» **Task prompt**: In the listing below, find the line with "Pilih kotak semak" and the line with "DELHI, 3 November", then return them and every line between them exactly, minus the pictures.

##### Input material #####

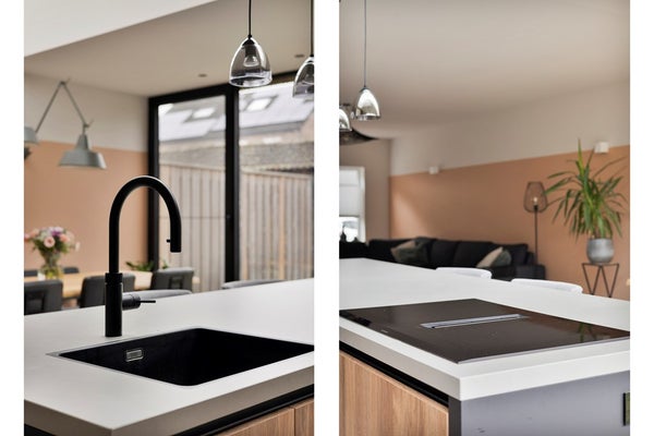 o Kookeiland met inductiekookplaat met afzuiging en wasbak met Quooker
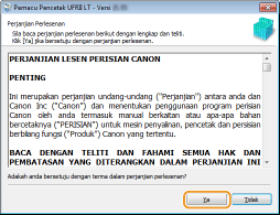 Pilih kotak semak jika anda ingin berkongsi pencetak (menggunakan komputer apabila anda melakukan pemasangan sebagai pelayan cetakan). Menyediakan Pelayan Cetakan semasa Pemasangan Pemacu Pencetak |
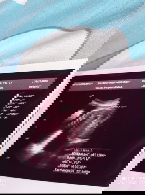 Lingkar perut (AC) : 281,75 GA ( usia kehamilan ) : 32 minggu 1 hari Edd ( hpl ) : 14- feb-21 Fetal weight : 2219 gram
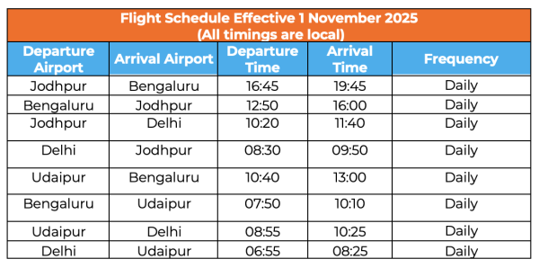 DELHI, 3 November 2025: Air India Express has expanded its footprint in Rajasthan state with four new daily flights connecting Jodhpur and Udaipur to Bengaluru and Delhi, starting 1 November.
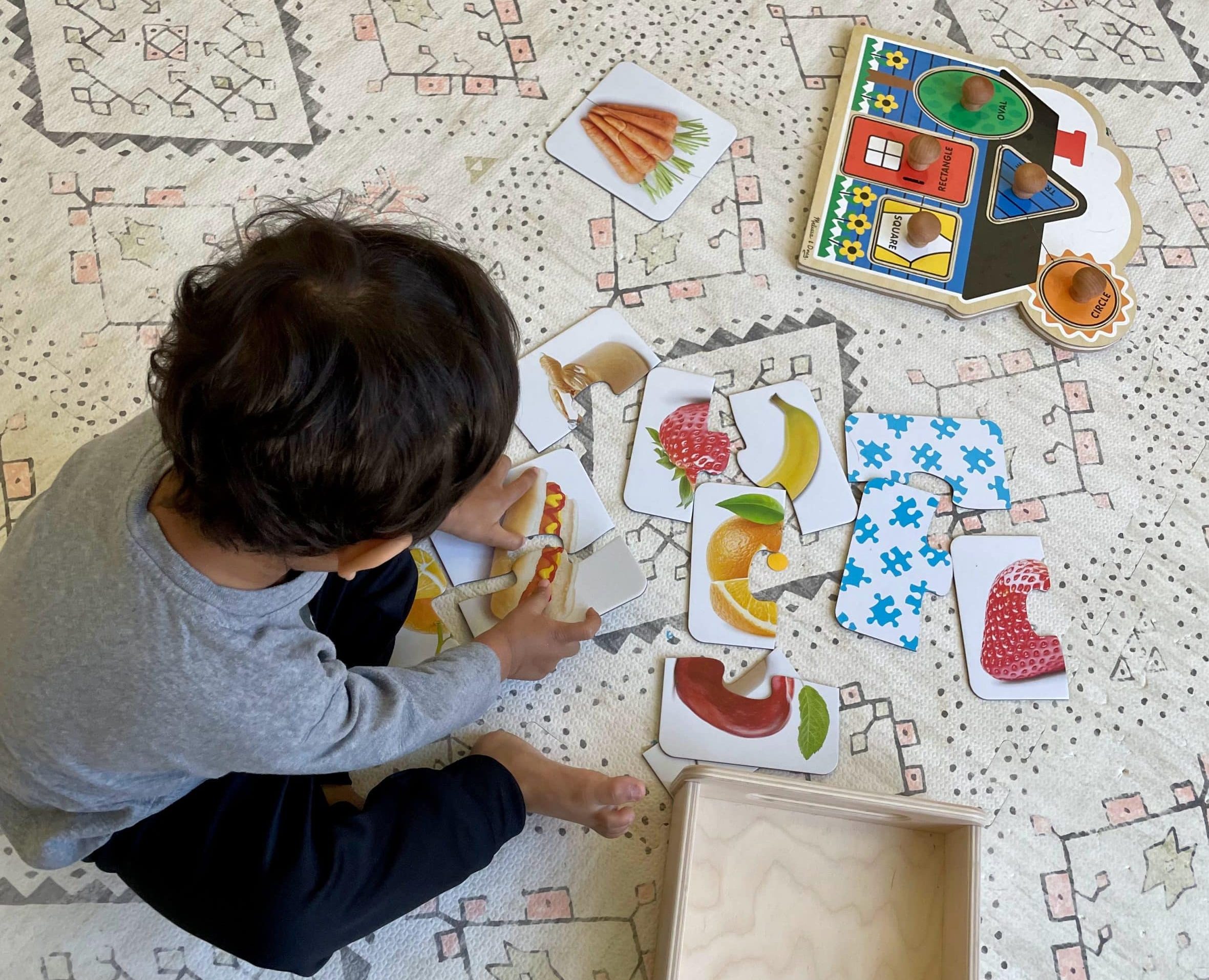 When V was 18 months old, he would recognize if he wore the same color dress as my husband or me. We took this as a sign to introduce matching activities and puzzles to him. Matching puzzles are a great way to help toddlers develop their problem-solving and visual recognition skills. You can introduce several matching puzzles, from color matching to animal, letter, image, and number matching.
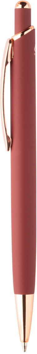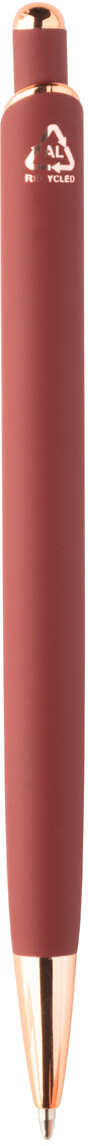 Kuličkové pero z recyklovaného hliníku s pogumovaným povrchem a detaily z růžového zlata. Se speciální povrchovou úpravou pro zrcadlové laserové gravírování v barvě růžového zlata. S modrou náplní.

#####
##### Input material #####

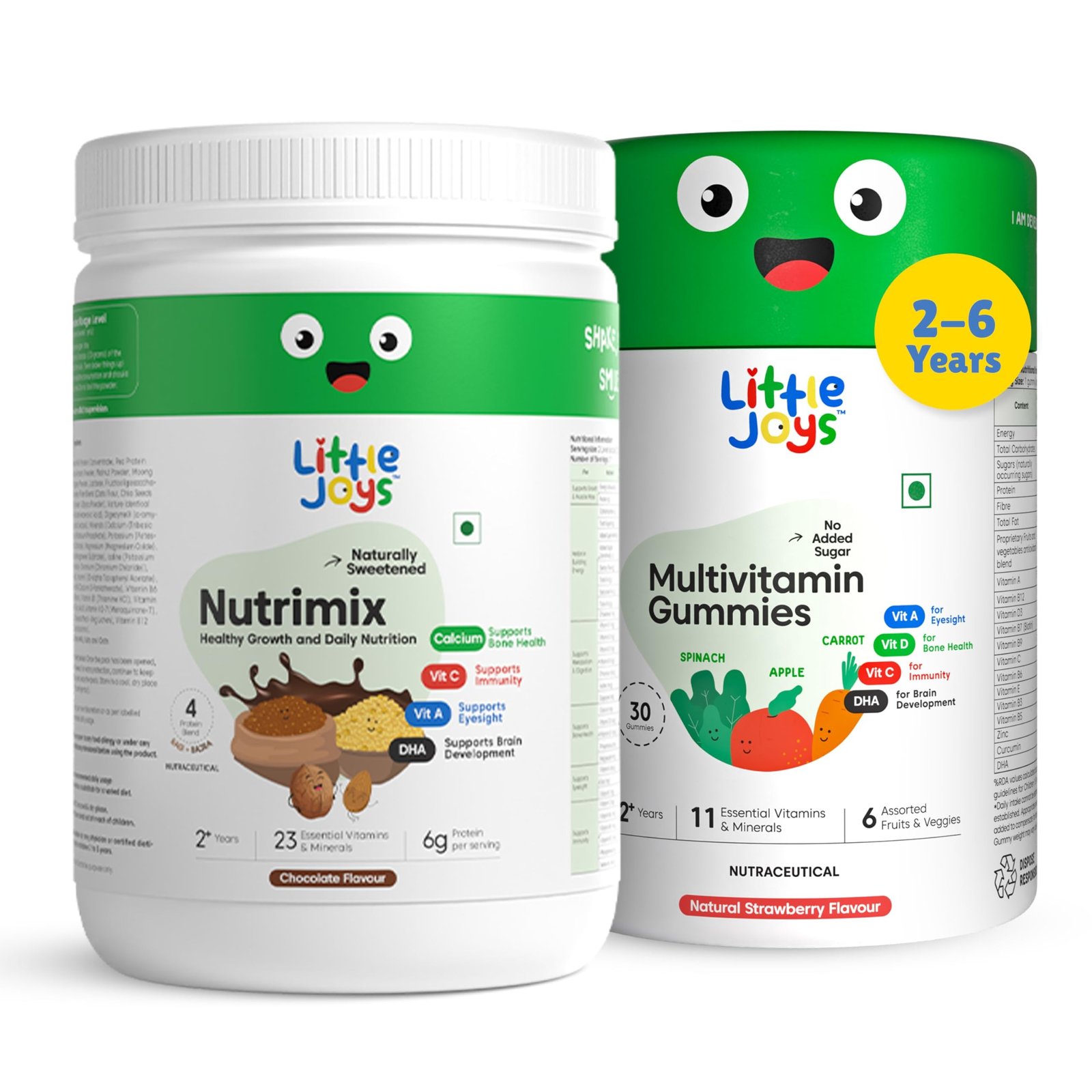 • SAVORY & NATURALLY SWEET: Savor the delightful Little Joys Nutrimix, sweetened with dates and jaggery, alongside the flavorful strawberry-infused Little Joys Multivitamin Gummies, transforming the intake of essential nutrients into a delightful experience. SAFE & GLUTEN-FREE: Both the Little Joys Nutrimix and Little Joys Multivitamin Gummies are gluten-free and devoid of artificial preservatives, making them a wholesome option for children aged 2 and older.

#####
##### Input material #####

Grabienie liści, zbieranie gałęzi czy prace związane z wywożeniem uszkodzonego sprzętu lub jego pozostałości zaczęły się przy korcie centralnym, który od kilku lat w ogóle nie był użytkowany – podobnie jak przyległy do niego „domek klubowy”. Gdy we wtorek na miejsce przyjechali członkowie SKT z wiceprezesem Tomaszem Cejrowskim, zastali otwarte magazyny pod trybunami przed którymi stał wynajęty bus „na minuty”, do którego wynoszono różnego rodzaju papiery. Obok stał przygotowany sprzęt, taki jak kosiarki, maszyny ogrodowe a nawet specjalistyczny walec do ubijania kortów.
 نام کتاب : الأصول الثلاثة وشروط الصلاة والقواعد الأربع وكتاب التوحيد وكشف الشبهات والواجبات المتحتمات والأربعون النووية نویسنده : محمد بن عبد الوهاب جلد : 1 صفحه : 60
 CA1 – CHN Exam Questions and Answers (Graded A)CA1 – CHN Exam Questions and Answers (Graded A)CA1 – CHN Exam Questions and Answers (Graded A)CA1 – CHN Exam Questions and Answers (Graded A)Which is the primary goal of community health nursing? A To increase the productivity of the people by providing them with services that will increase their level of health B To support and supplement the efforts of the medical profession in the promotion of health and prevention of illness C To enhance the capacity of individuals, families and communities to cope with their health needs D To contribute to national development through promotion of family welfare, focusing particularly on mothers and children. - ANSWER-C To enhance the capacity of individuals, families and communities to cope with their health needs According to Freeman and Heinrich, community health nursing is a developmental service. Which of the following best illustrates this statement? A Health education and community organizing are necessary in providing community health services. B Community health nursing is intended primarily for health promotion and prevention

#####

» **Task answer**:
 Pilih kotak semak jika anda ingin berkongsi pencetak (menggunakan komputer apabila anda melakukan pemasangan sebagai pelayan cetakan). Menyediakan Pelayan Cetakan semasa Pemasangan Pemacu Pencetak |
 Lingkar perut (AC) : 281,75 GA ( usia kehamilan ) : 32 minggu 1 hari Edd ( hpl ) : 14- feb-21 Fetal weight : 2219 gram
 DELHI, 3 November 2025: Air India Express has expanded its footprint in Rajasthan state with four new daily flights connecting Jodhpur and Udaipur to Bengaluru and Delhi, starting 1 November.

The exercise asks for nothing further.